─── Information shown

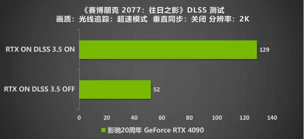 在2K分辨率下的影驰20周年 GeForce RTX 4090 凭借着自身的性能,在《赛博朋克2077: 往日之影》中开启"光线追踪:超速模式"也依旧可以达到52帧的成绩。玩家们在进行游戏时开启该模式,所获得的的游戏画面将会更趋近于真实,享受更加震撼的画面细节,但与此同时也将对于显卡拥有着巨大的压力。通过NVIDIA DLSS 3.5的加持,帧数进行了翻倍的增长,高达129帧。让玩家实现全景光线追踪下的高帧流畅游戏体验。
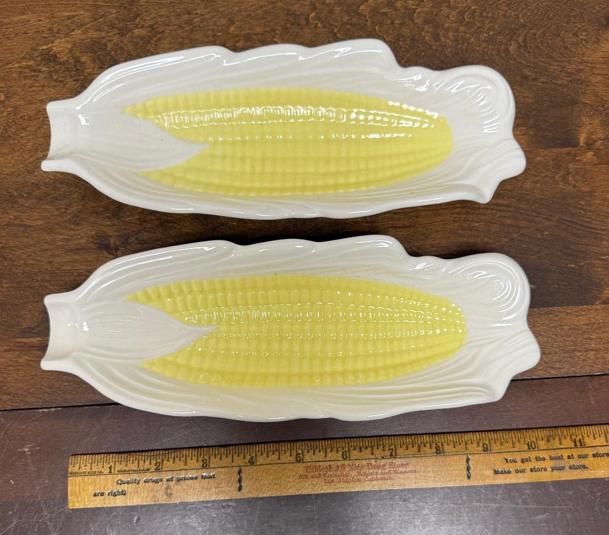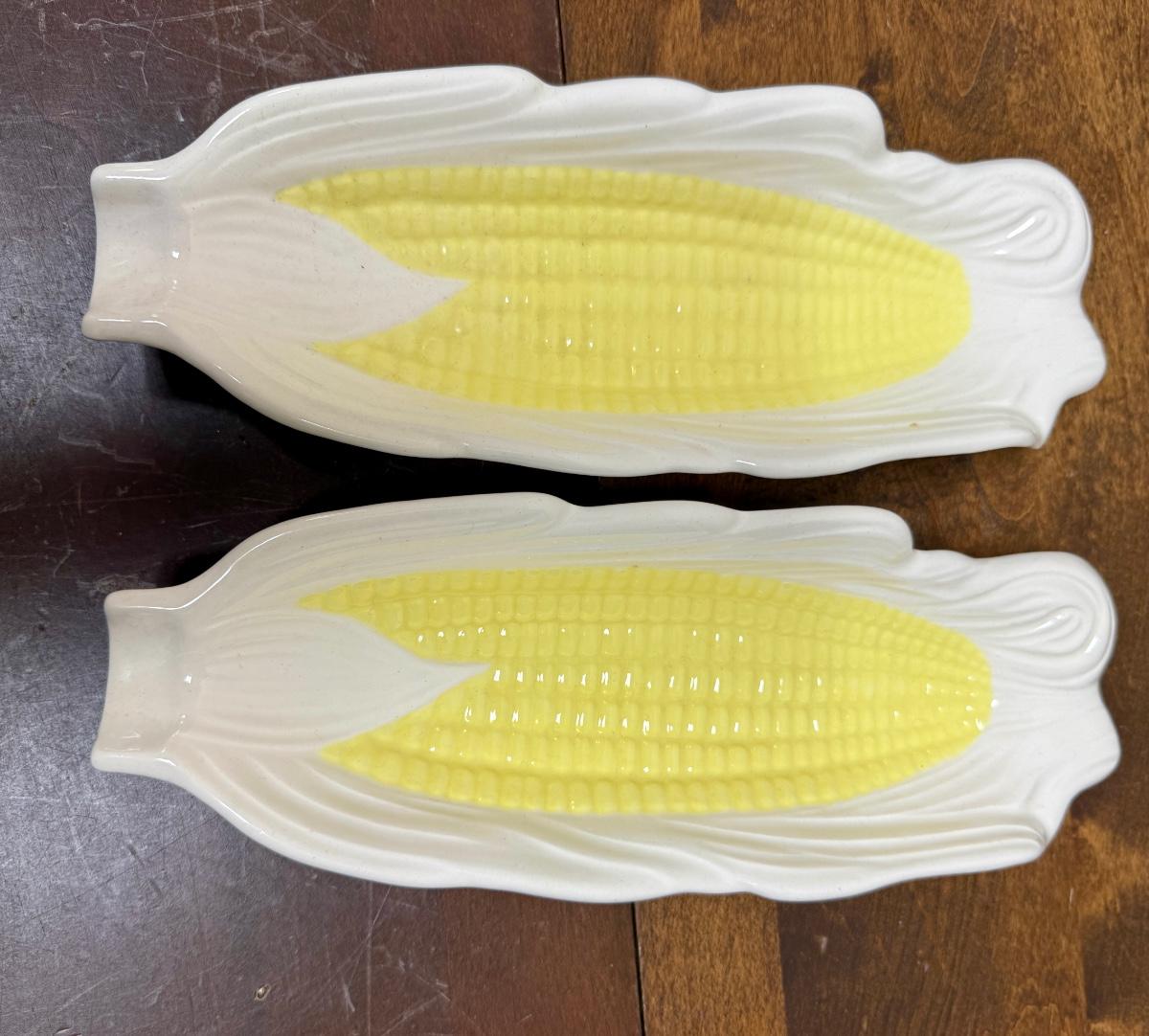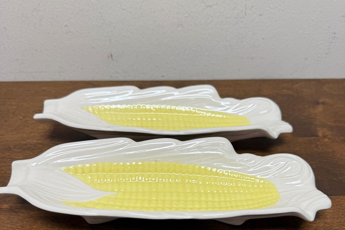 Corn Cob Holder Plates shaped like Ears of Corn yellow and white
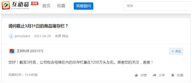 正邦科技5日在回復(fù)投資者提問(wèn)時(shí)表示,截至3月底,公司包含母豬在內(nèi)的總存欄量在1200萬(wàn)頭左右。
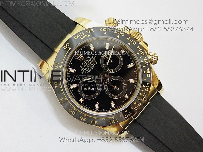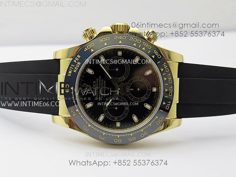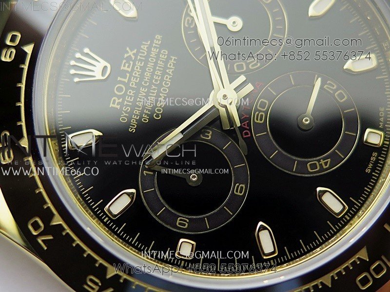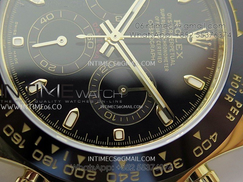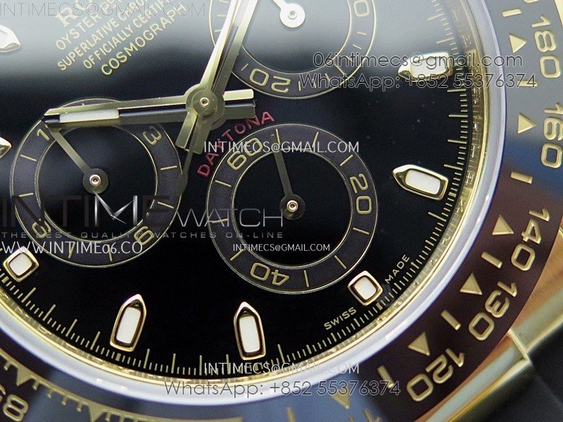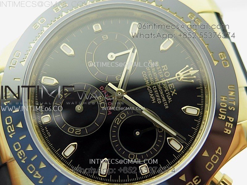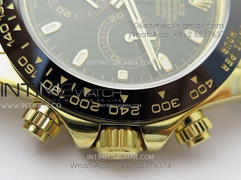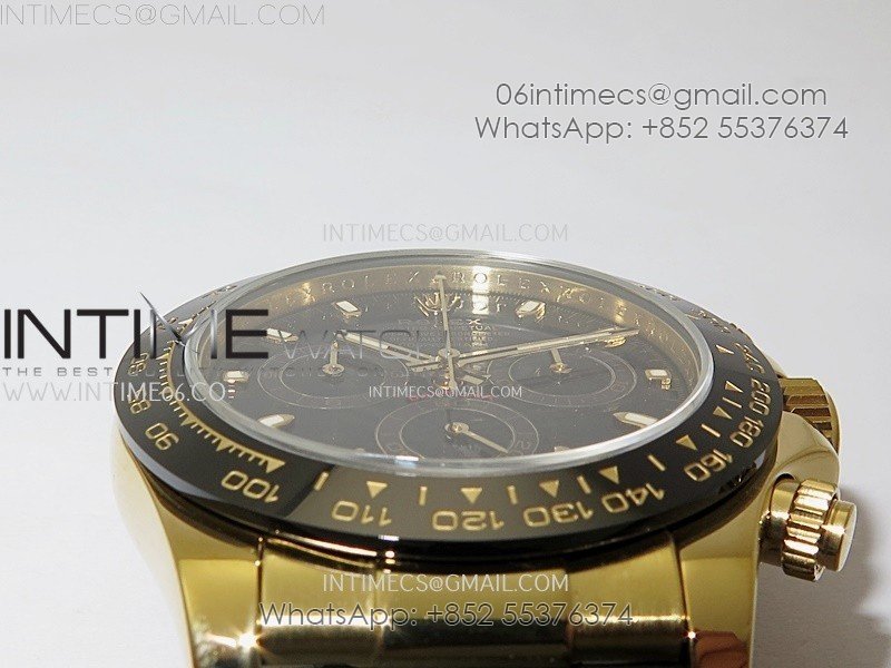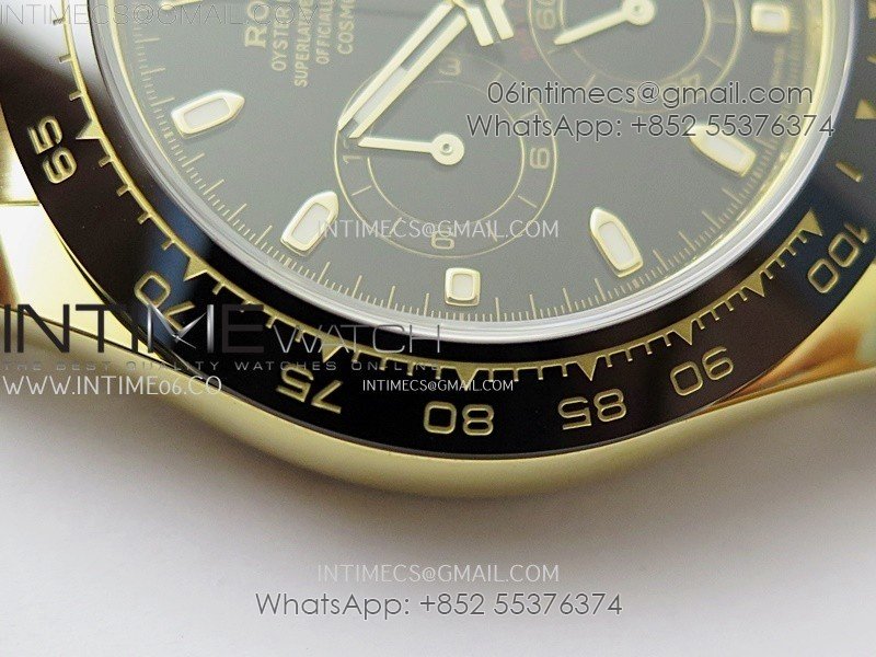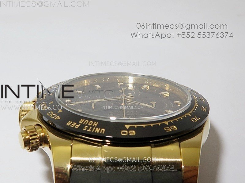 Bezel Black ceramic tachymeter bezel, real gold plated correct markers, same shape and depth as genuine bezel

──────

* **Assignment**: Give back exactly the lines from the one that contains "正邦科技5日在回復(fù)投" to the final line of the data above, both included, with all pictures removed.

* **Expected output**:
 正邦科技5日在回復(fù)投資者提問(wèn)時(shí)表示,截至3月底,公司包含母豬在內(nèi)的總存欄量在1200萬(wàn)頭左右。
 Bezel Black ceramic tachymeter bezel, real gold plated correct markers, same shape and depth as genuine bezel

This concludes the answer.